В самом деле, гораздо сильнее концентрируется настроение, когда мастер умно скомпонует момент многоговорящего затишья.
Посредственный иллюстратор Ян Стыка «размалевал» арену римского цирка, где хищные звери поедом едят христианских мучеников – кому ногу оторвали, кому руку, кому голову, кого сообща потрошат и терзают.
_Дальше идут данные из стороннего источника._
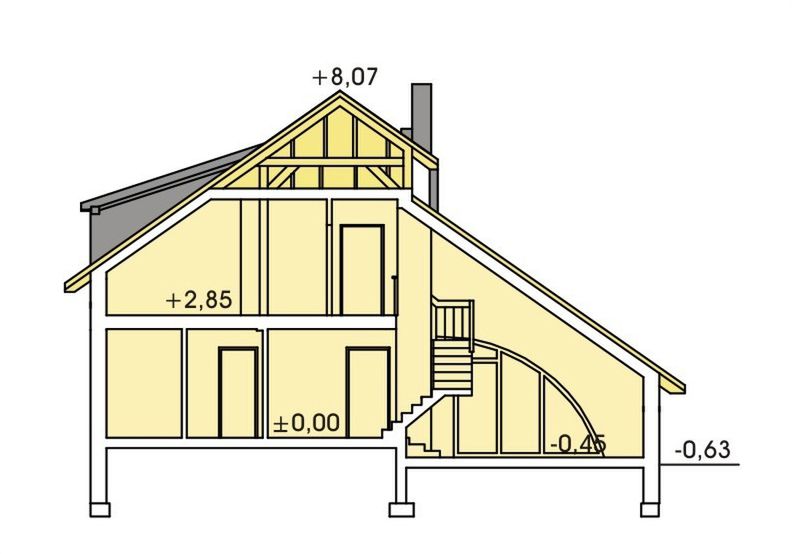 Strop: gęstożebrowy Teriva I. Ściany zewnętrzne: gazobeton 24cm + styropian 12cm. Ściany wewnętrzne: bloczki gazobetonowe 24cm. Pokrycie dachowe: dachówka ceramiczna. Ogrzewanie: gaz.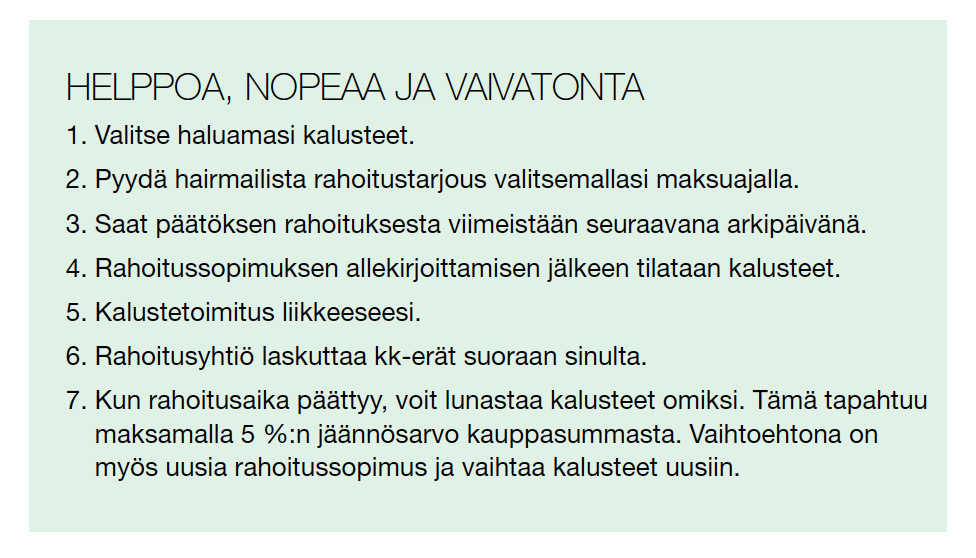 - Rahoitetut kalusteet ja laitteet toimivat pääasiallisena vakuutena, jolloin vakuutesi vapautuvat muuhun käyttöön yritystoimintasi kehittämiseen tai omaan elämiseesi.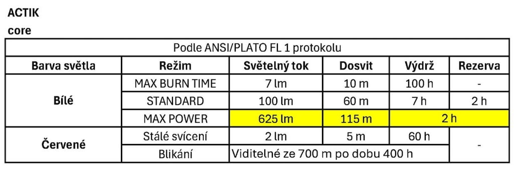Maximální výkon: 625 lm | dosvit 115 m | výdrž 2 h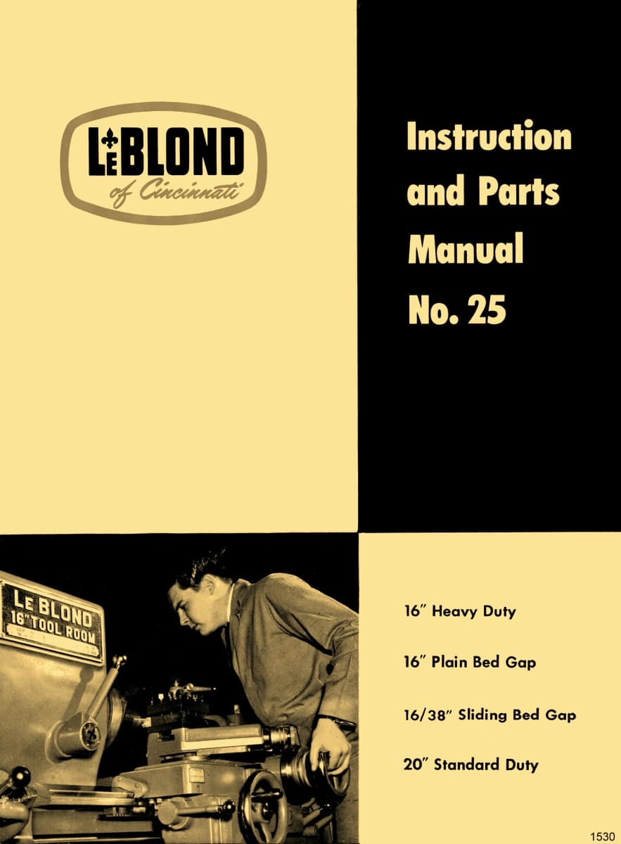 This is a reproduction, not a photocopy, of an original LeBlond 16″ Heavy Duty Lathes, 16″ Plain Bed Gap Lathes, 16/38″ Sliding Gap Lathes, and 20″ Standard Duty Metal Lathes Instruction and Parts Manual No. 25. This manual contains information on the lathe specifications, setting up this lathe, and proper operating procedures. The LeBlond lathe manual includes lubricating instructions and a complete set of cross-sectional view and explosive view diagrams of all the parts for these LeBlond metal lathes.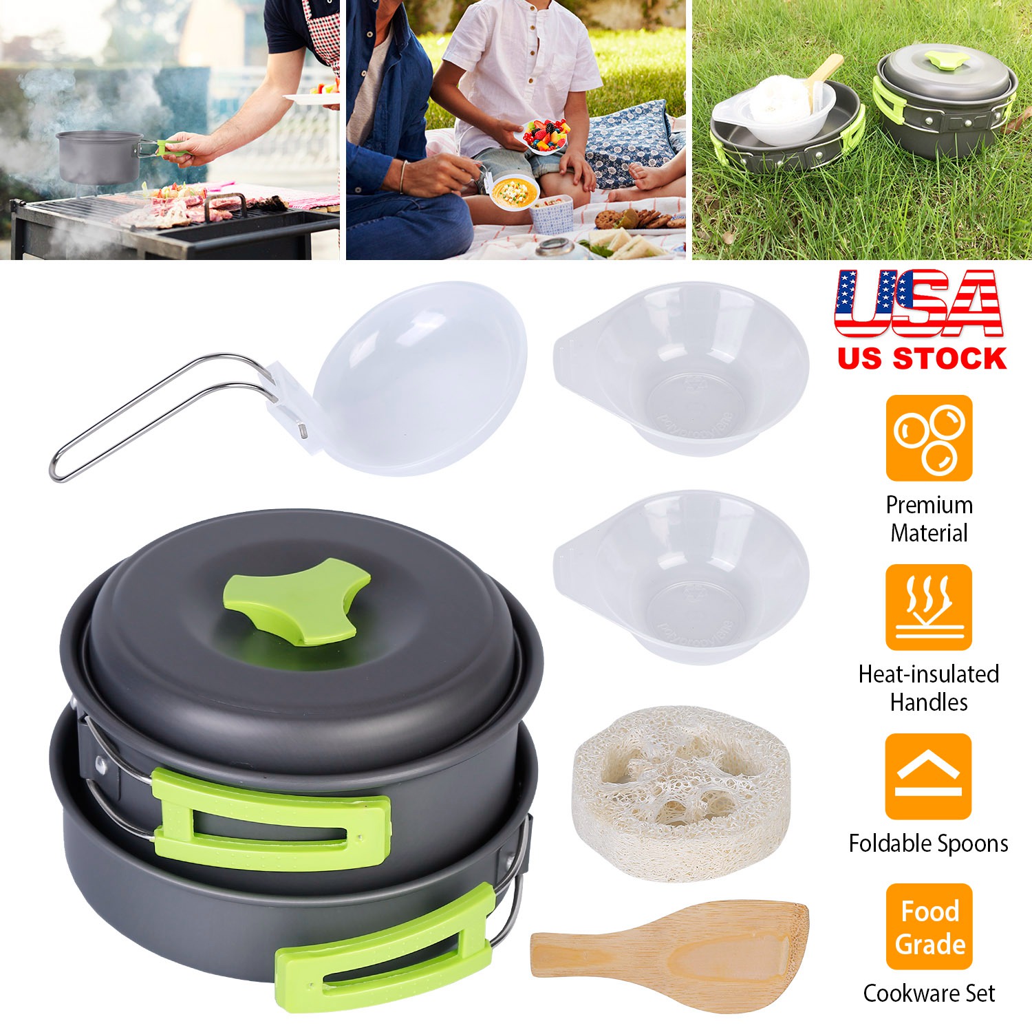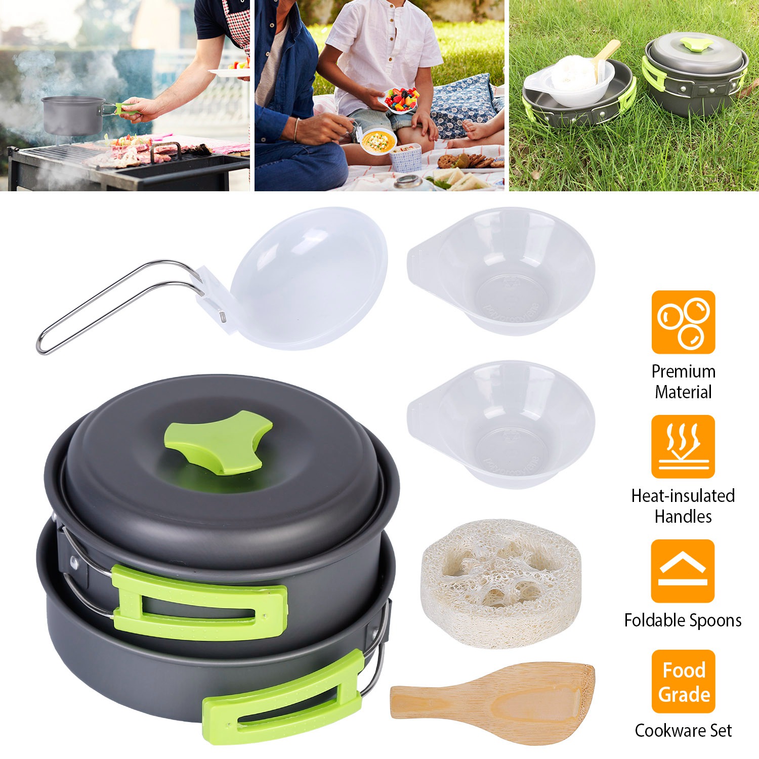 This cookware set contains 1 pot, 1 pan, 2 bowls, 1 spoon, 1 spatula, and 1 cleaning tool for making hot and delicious food during camping, hiking, and any other outdoor activity. Made of non-toxic and lightweight anodized aluminum, it’s safe, easier to clean and carry. Most of this set contains a foldable and heat-insulated handle, which will not burn your hands. The whole set can be packed in a storage bag, space-saving and convenient.

И в результате – что-то жалкое, лубочное, и краем крыльев не задевающее ваших нервов.
Теперь взгляните у Жерома… Кучка обезумевших от ужаса христиан сбилась у стены… А к ней медленно, зловеще, фиксируя своим кошачьим желтым взглядом ее – приближается великолепный тигр… Мгновение – и он сделает гигантский скачек прямо на это обреченное на гибель человеческое мясо… Вы видите, что эта картина, и даже суховато написанная, – но у вас невольно захватывает дух…
Таков и Реньо со своими деспотами фараонами, таков и ученик Жерома – Верещагин.
* * *
Два года назад, в Париже я говорил о Верещагине с Жеромом. У Жерома сохранились о Василии Васильевиче хорошие воспоминания. Считает его очень талантливым и… слегка чудаком… «Un home bizarre» – заметил Жером, улыбаясь тонкими губами выразительного, умного рта.
В парижских ателье укоренились традиции. Старшие ученики подвергают новичков различным искусам. Один из главных – заставить раздеться, после чего «мэтры» мажут голое тело новичка красками, татуируют его, не оставляя, как говорится, живого места. Если испытуемый сопротивляется – его раздевают насильно.
Очутился в мастерской Жерома и Верещагин. Его окружили и попросили раздеться. Василий Васильевич побледнел. «Мэтры» настаивали. Верещагин отступил на шаг, вынул из кармана револьвер и спокойно, ледяным тоном заметил:
– Первому, кто меня коснется – размозжу голову.
Вся студия мгновенно затихла. У видывавших виды «мэтров» вдруг опустились руки…
Верещагина оставили в покое.
Чрезвычайно характерный мазок для всего величавого верещагинского портрета. В одной «истории с револьвером» сказалась гордая, самолюбивая натура громадной силы воли и неустрашимости…
Жером ставил Верещагину на некоторый минус любовь к рекламе. Но, право, покойный художник не был уж таким ярым рекламистом, как почему-то сложилось мнение и нас, и за границей.
* * *
Только разве на долю картин Куинджи выпал такой бурный неслыханный успех, каким была встречена туркестанская коллекция Верещагина. Да и не только туркестанская.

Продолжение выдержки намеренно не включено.